MonoLoss increases purity in all 12 settings for both binary purity and weighted purity.
~1200× speedup at 50k samples, growing with dataset size. See sae/loss.py:
compute_monosemanticity_fast()— linear-time O(N) evaluationcompute_monosemanticity_loss_batch()— batch-level training losscompute_monosemanticity_ref()— quadratic O(N²) reference
Our linear implementation makes large-scale evaluation feasible.

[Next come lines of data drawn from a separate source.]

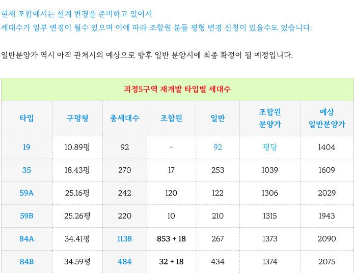 괴정5구역 재개발의 현재의 각 타입별 조합원 분양가와 세대수 입니다.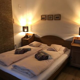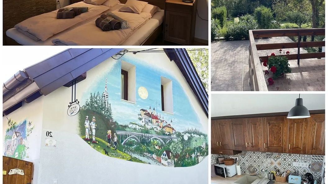 4 dni temuA szállás teljesen megfelel az ajánlóban leírtaknak. Könnyen megközelíthető, város széli, csendes, nyugodt környezet. A természetes és a városi kiépített közeg összeolvadásában. Óváros 10 perc séta, állatkert 5 perc séta, túrázási lehetőség 5 perc. A szállás jól felszerelt, tiszta, gyerekbarát (játékok, kert, közeli játszótér. Egy kiskocsi amiben a gyermek könnyen szállítható, ezt minden nap használtuk!). Gyönyörű kilátás, madár csicsergés, csak ajánlani tudom. Wellness lehetőség 2 perc. Étterem, bolt 5 perc.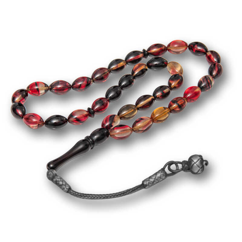 Gümüş Kazaz Püsküllü Sarı Siyah Kırmızı Sıkma Kehribar Tesbih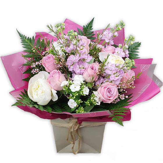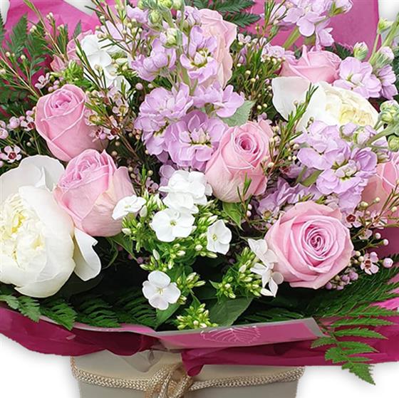 Blush roses, creamy peony and delicate white phlox paired with pale pink stock, tiny waxflower and lush fern fronds evoke gentle, poetic beauty.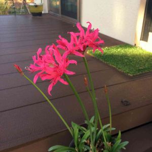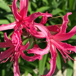 ネリネ(ダイヤモンドリリー)が開花しました👍 母から球根を分けてもらい、今年初めて開花しました! ピンクの花が鮮やかで、写真栄えします😄 太陽に向かって花が輝いて見えます🌸 秋の茶色い景色にピンクの花💐 いいですね👍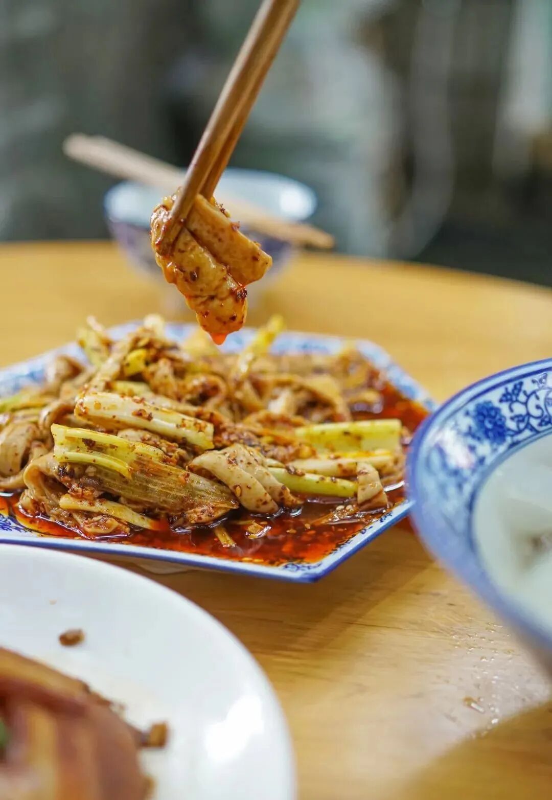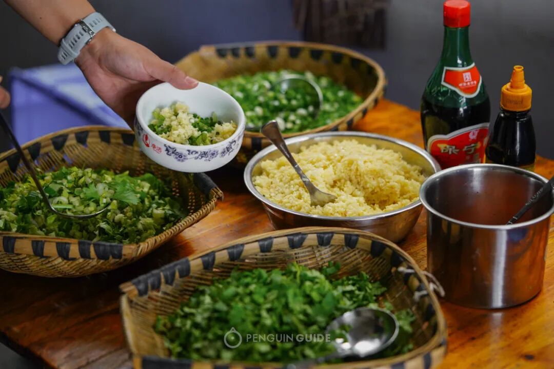 比如最招牌的凉拌就挺有意思:不是惯见的红油麻辣,铺了满满的韭菜,清香尤其温柔,微微酸辣,很是清新。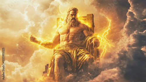Zeus descends from his throne with lightning in hand amid gathering storm clouds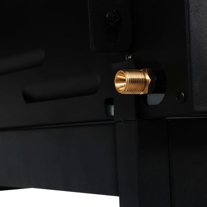 De kast en schappen eronder bieden ruimte om kookbenodigdheden op te bergen. Dankzij de 2 stevige wielen is de tuinbarbecue gemakkelijk te verplaatsen wanneer dat nodig is (niet verplaatsen als hij in gebruik is). Opmerking: om de barbecue op de gasfles aan te sluiten, zijn een gasslang en een geschikte drukregelaar vereist. Deze zijn niet bij de levering inbegrepen.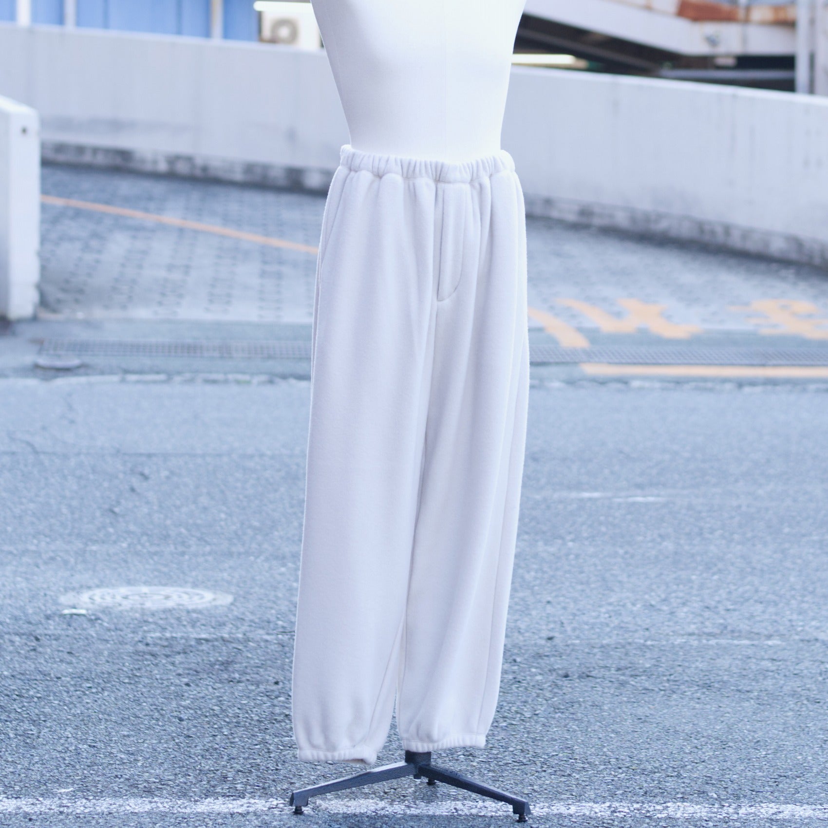 ウールで編み立てられたニットに、両面起毛と度重なる洗い加工を施し、ウール100%でありながらも、フリースの毛羽立ちやふくらみを再現したフリース素材。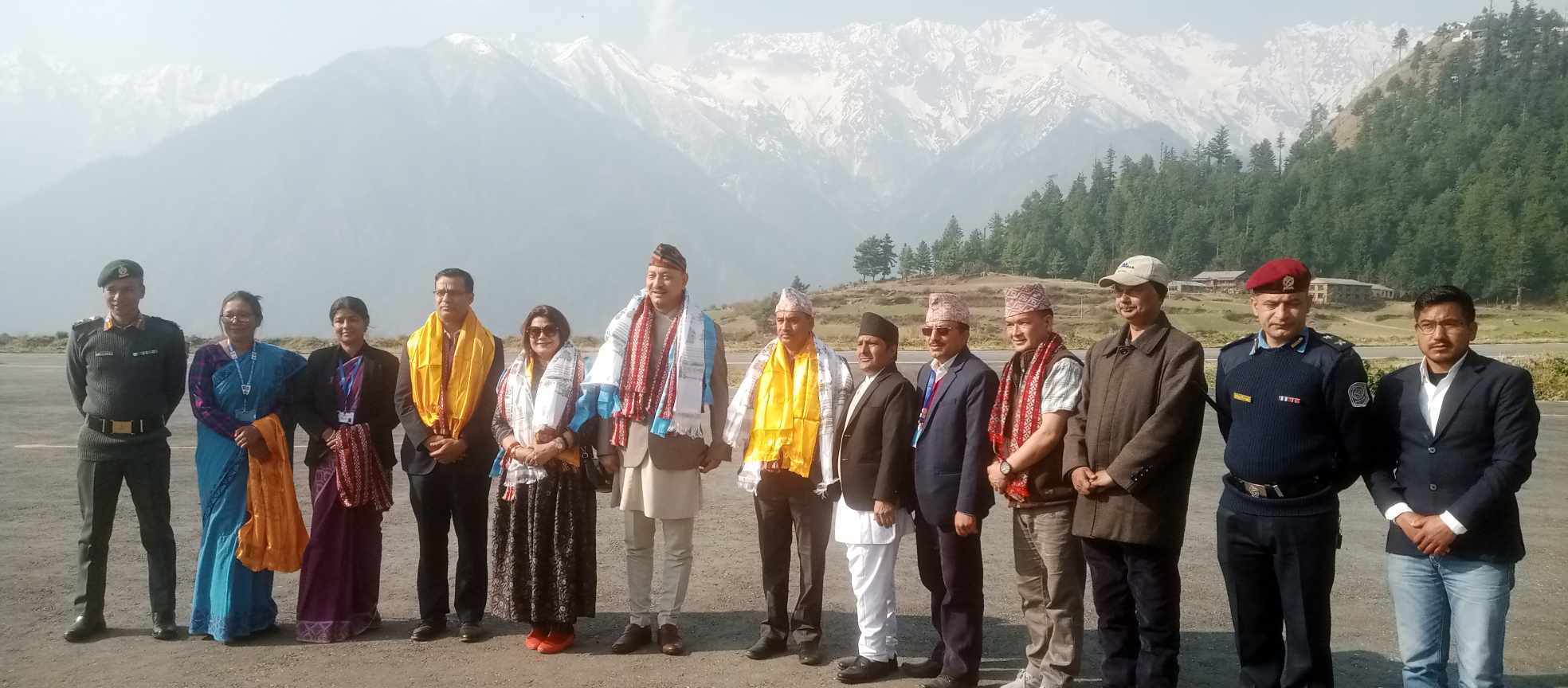 प्रधान न्यायाधीश श्रेष्ठलाई माननीय जिल्ला न्यायाधीश शम्भु प्रासद बराल, श्रेस्तेदार ज्ञानबहादुर खत्री, प्रमुख जिल्ला अधिकारी विनोद कुमार पोखरेल, प्रहरी नायव उपरिक्षक रविन्द्र खनाल, ससत्र प्रहरी नायव उपरिक्षक गुन्जन प्रताव मल्लले सिमकोट विमान स्थलमा स्वागत गरेका थिए ।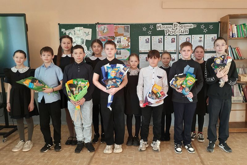 Всех мальчиков, будущих защитников, одноклассницы и учителя поздравили с наступающим праздником, вручили памятные подарки и сладости.
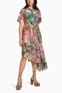 Cut in printed crepe, this midi dress features soft pleats at the hem, a polo neckline, and gently flared short sleeves. The curved waistband cinches the waist while the asymmetric silhouette adds graceful fluidity with every step.

Adding MonoLoss yields consistent performance gains on both ResNet-50 and CLIP-ViT-B/32 and all datasets (ImageNet-1k, CIFAR-10, and CIFAR-100).
MonoLoss provide better class purity qualitatively for SAE activations.
MonoLoss provide better class purity qualitatively for finetuned vision model activations.
git clone https://github.com/YOUR_USERNAME/MonoLoss.git
cd MonoLoss
pip install -r requirements.txtMonoLoss/
├── sae/ # SAE training with MonoLoss (see sae/README.md)
├── finetuning/ # Vision model finetuning (see finetuning/README.md)
See sae/README.md for detailed instructions on:
- Feature extraction from CLIP, SigLIP2, and ViT encoders
- Training SAEs (BatchTopK, TopK, JumpReLU, Vanilla) with MonoLoss
- Reproducing paper experiments
Example:
cd sae
# Train baseline SAE
python main.py --dataset_config config/imagenet_clip.json --model batch_topk --mono_coef 0.0
# Train with MonoLoss
python main.py --dataset_config config/imagenet_clip.json --model batch_topk --mono_coef 0.0003See finetuning/README.md for detailed instructions on:
- Downloading pre-extracted CLIP-ViT-L/14 features for calculating similarities.
- Finetuning recipes for ResNet50 and CLIP-ViT-B/32 on ImageNet-1K, CIFAR-10, and CIFAR-100.
Example:
BASE_PORT=29650
i=0
# Finetuning ResNet on ImageNet-1K with multiple lambda values (0.0 is the baseline setting)
for lam in 0.0 0.03 0.05 0.07 0.1; do
port=$((BASE_PORT + i))
i=$((i + 1))
sh scripts/imagenet/resnet.sh "${port}" "${lam}"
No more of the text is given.